TO DO: Where an image appears in the data, omit it and reproduce the rest exactly.
+++ DATA PROVIDED +++
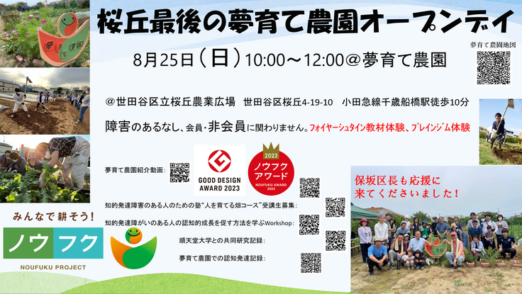 8月25日(日)AMは、桜丘で最後の夢育てオープンデイです!是非、お運びください!
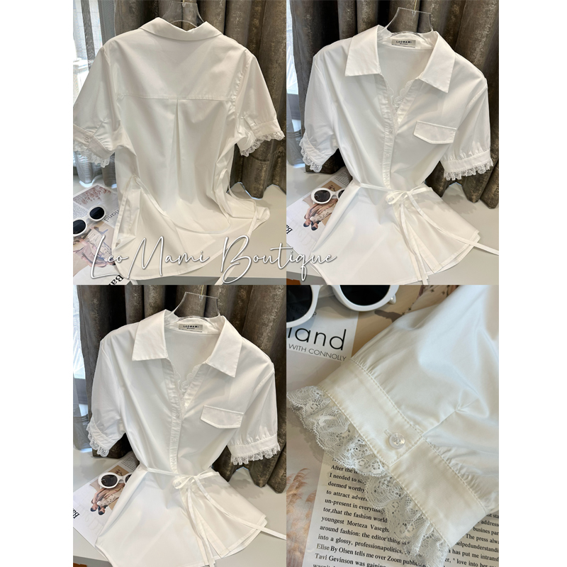 气质百搭绑带收腰显瘦上衣ins 蕾丝拼接V领衬衫 LeoMami孕妇装 夏款
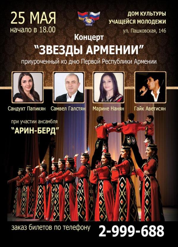 25 мая в Краснодаре состоится концерт народного ансамбля армянского танца «Арин-Берд» и известных народных певцов из Армении (Сандухт Папикян, Самвел Галстян, Марине Нанян, Гайк Аветисян), приуроченный ко Дню Первой Республики Армения – Дню восстановления армянской государственности. Концерт пройдет в Доме Культуры Учащейся Молодежи по адресу: ул. Пашковская, 146. Начало в 18.00. Заказ билетов по телефону 2-999-688.
+++
WRITTEN SOLUTION:
 8月25日(日)AMは、桜丘で最後の夢育てオープンデイです!是非、お運びください!
 气质百搭绑带收腰显瘦上衣ins 蕾丝拼接V领衬衫 LeoMami孕妇装 夏款
 25 мая в Краснодаре состоится концерт народного ансамбля армянского танца «Арин-Берд» и известных народных певцов из Армении (Сандухт Папикян, Самвел Галстян, Марине Нанян, Гайк Аветисян), приуроченный ко Дню Первой Республики Армения – Дню восстановления армянской государственности. Концерт пройдет в Доме Культуры Учащейся Молодежи по адресу: ул. Пашковская, 146. Начало в 18.00. Заказ билетов по телефону 2-999-688.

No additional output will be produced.